I remember a vase in the lobby, huge and glossy and stuffed with tropical flowers and blossoms. I wonder if I’m about to faint.
The lift doors open.
Raul grunts, then lets me go. Two men are waiting by the lift. One of them is bald. He has black eyebrows and wears a sheepskin jacket. The other man is taller, with silver hair. Raul ushers me out of the lift.
“You dropped your coat.” The man with the silver hair picks up my coat and hands it to me.
The other man wants to know if there’s a problem.
I lean against the wall next to the lift while Raul addresses the two men in German. I’m too sickened and dizzy to follow what he says. I only know he sounds indignant and threatening, and that he scarcely allows the men to speak. But they stand their ground. Raul swears at them and then at me and walks away.
There’s a long, still moment, then the bald man asks if I’m a guest at the hotel. I shake my head. He offers to escort me back to the lobby. The lift has already gone, and the man with the silver hair steps forward and presses the call button. After what has just happened, though, I don’t want to travel in the lift. I try to explain but my German has deserted me. Still, the men seem to understand. In the distance a door slams.

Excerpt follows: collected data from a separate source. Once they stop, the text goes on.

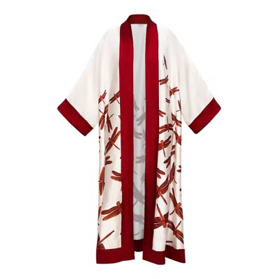 Women's White Red Dragonfly Satin Long Abaya Kaftan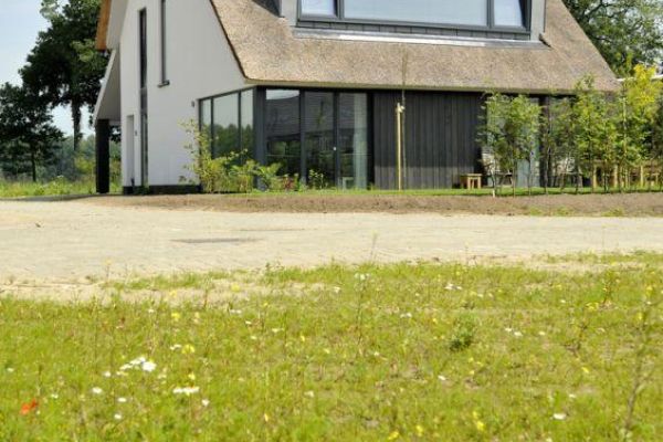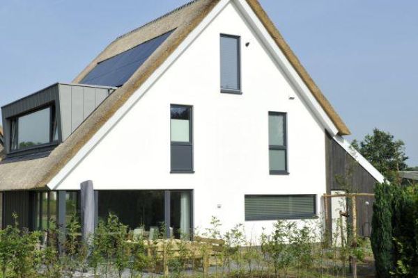 Overschraging dakzijde aan zuiden van woning geeft natuurlijke schaduw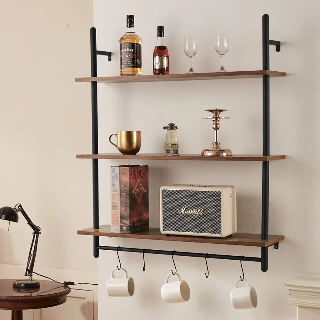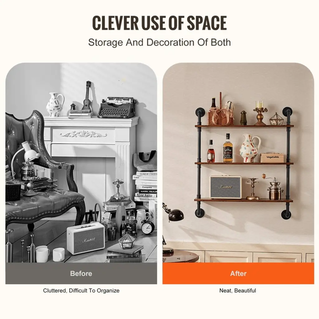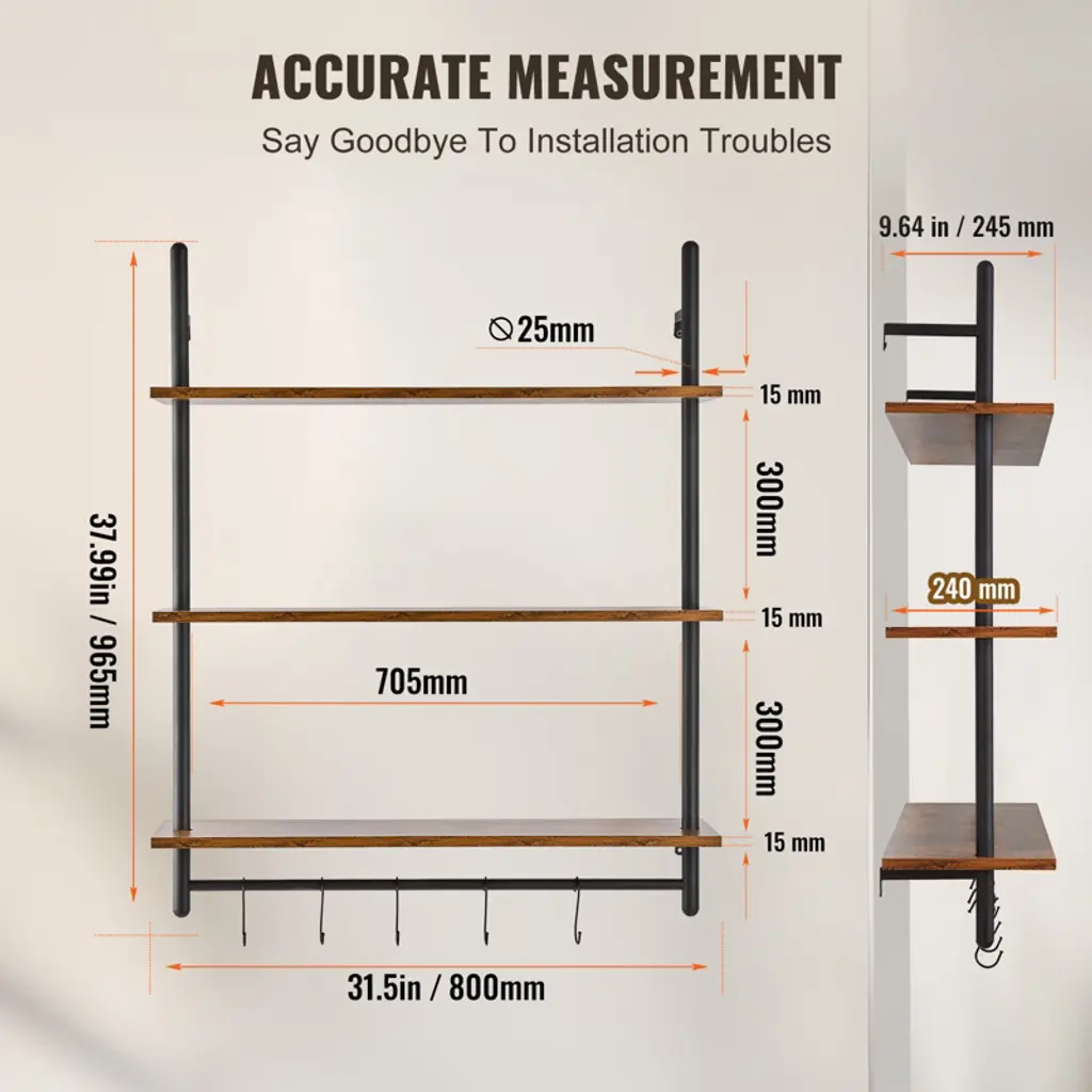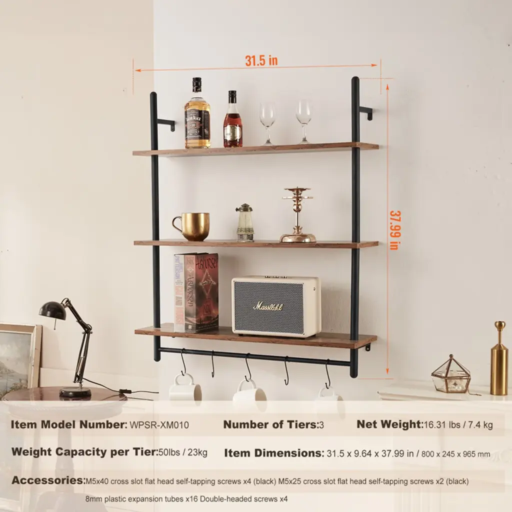 Feature: Strong Weight Bearing: Adopting sturdy metal tube structure with thickened wooden boards, each layer can bear up to 50 pounds, which can meet a variety of storage needs; whether it's books, photo frames, artifacts, or kitchen utensils, bathroom towels, they can all be easily stored, so that your space is well organized, say goodbye to the clutter! Hard Steel Tube: ∅1“ carbon steel round tube, strong bearing force is not easy to break, to bring you a safe and stable storage experience.0.6” thickened wooden boards to provide you with sufficient gravity, easy to place all kinds of items, say goodbye to the easy to bend, poor material trouble. Flexible Use: The pipe shelf is designed to be flexible and can be installed on any wall to make full use of space. Whether it is a dining bar, laundry room, living room or study, it can be easily installed to add storage function to your space. Easy Organization: Cleverly use the wall space to store and organize the sundries, make your space more neat and beautiful. Simple to install, no tools required, easy to solve the storage problem. At the same time, the shelf itself also has a decorative function, storage at the same time to enhance the taste of the space, so that the home renewed vigor. Accurate Measurement: our metal pipe shelves are 38“ in height, each tier is 12” high, you can measure the installation position to see if it is suitable before purchasing. Package Content Pipe Shelves x 1 M5x40 cross slot flat head self-tapping screws x4 (black) M5x25 cross slot flat head self-tapping screws x2 (black) 8mm plastic expansion tubes x16 Double-headed screws x4

As we walk down the stairs, the bald man asks if I want to file a complaint. Should the police be called?
“No,” I say. “I’m fine. Thank you.” My legs are trembling and it’s all I can do to stay upright.
On the ground floor the men guide me to one of the orange sofas. Would I like to sit down? I shake my head again. The man with the silver hair fetches me a glass of water. I drink half of it, then straighten my clothes.
“You’re really all right?” he says.
I nod quickly. “I think so.”
They will see me out, he says, when I feel ready. He tells me I should take my time.
As we cross the lobby a few moments later, I keep thinking the Croatian will intervene. He’s a man who can impose his will on any given situation and extract exactly what he’s after. He’s accustomed to being taken seriously, to being obeyed. To being effective. But there’s no sign of him. Only the hum of voices, like insect life, and the Muzak, which is orchestral — a low lush wash of strings. I seem to see him as if from behind, sitting on the edge of a wide bed, his head lowered, his suit jacket stretched tight across his shoulders. What will he do now? Smash something? Get drunk?